Section: New Results

From Concurrent Multiclock Programs to Deterministic Asynchronous Implementations

Participants : Dumitru Potop-Butucaru [ EPI Aoste ] , Robert de Simone [ EPI Aoste ] , Yves Sorel [ EPI Aoste ] , Jean-Pierre Talpin.

Current techniques for the compilation of multi-clock synchronous programs often produce implementations that are over-synchronized. In such implementations, all the clocks (activation conditions) are forced to derive from a single base clock to allow a simple, hierarchical code generation. This approach is well-suited when the target is a sequential processor. For distributed implementations, however, it results in unnecessary inter-processor synchronizations with may result in important performance losses.

We proposed this year a general method to characterize and synthesize correctness-preserving, asynchronous wrappers for synchronous processes on a globally asynchronous locally synchronous (GALS) architecture [36] . Our technique is mathematically founded on the theory of weakly endochronous systems, due to Potop, Caillaud, and Benveniste.
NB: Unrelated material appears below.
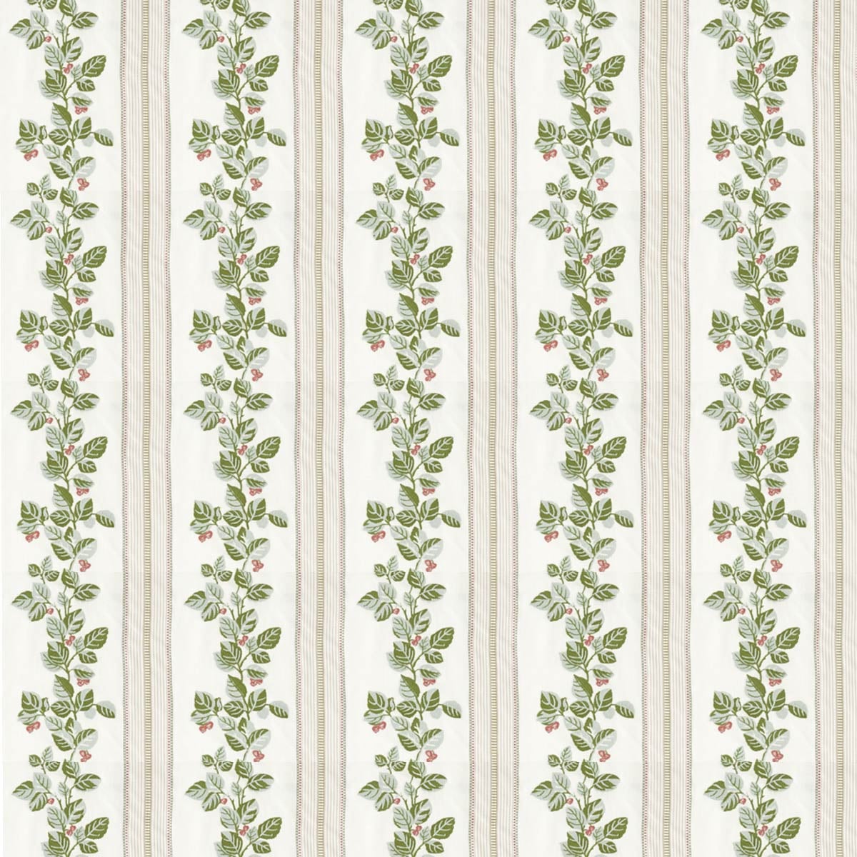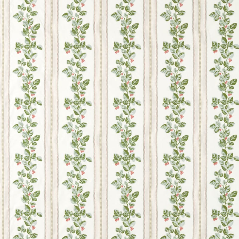 A botanical stripe with a subtle charm runs across Sanderson’s Cobnut Stripe fabric. The botanical motif is inspired by the Brockhampton estate, which was once teeming with wild hazel trees. Embroidered branches, rendered with tactile density, appear to be etched into the cotton, combining vertical precision with ornamental naturalism. To the touch, the fabric reveals meticulous craftsmanship, a blend of thread and foliage.

Weak endochrony gives a compositional sufficient condition establishing that a concurrent synchronous specification exhibits no behavior where information on the absence of an event is needed. Thus, the synchronous specification can safely be executed with identical results in any asynchronous environment (where absence cannot be sensed). Weak endochrony thus gives a latency-insensitivity and scheduling-independence criterion.

We defined the first general method to check weak endochrony on multi-clock synchronous programs.The ethod is based on the construction of so-called generator sets. Generator sets contain minimal synchronization patterns that characterize all possible reactions of a multi-clocked program. These sets are used to check that a specification is indeed weakly endochronous, in which case they can be used to generate the GALS wrapper. In case the specification is not weakly endochronous, the generators can be used to generate intuitive error messages. Thus, we provide an alternative to classical compilation schemes for multi-clock programs, such as the clock hierarchization techniques sed in Signal/Polychrony.

We are currently working on the application of our technique in the compilation of the Signal language, and on the generation of simpler communication protocols in the SynDEx tool.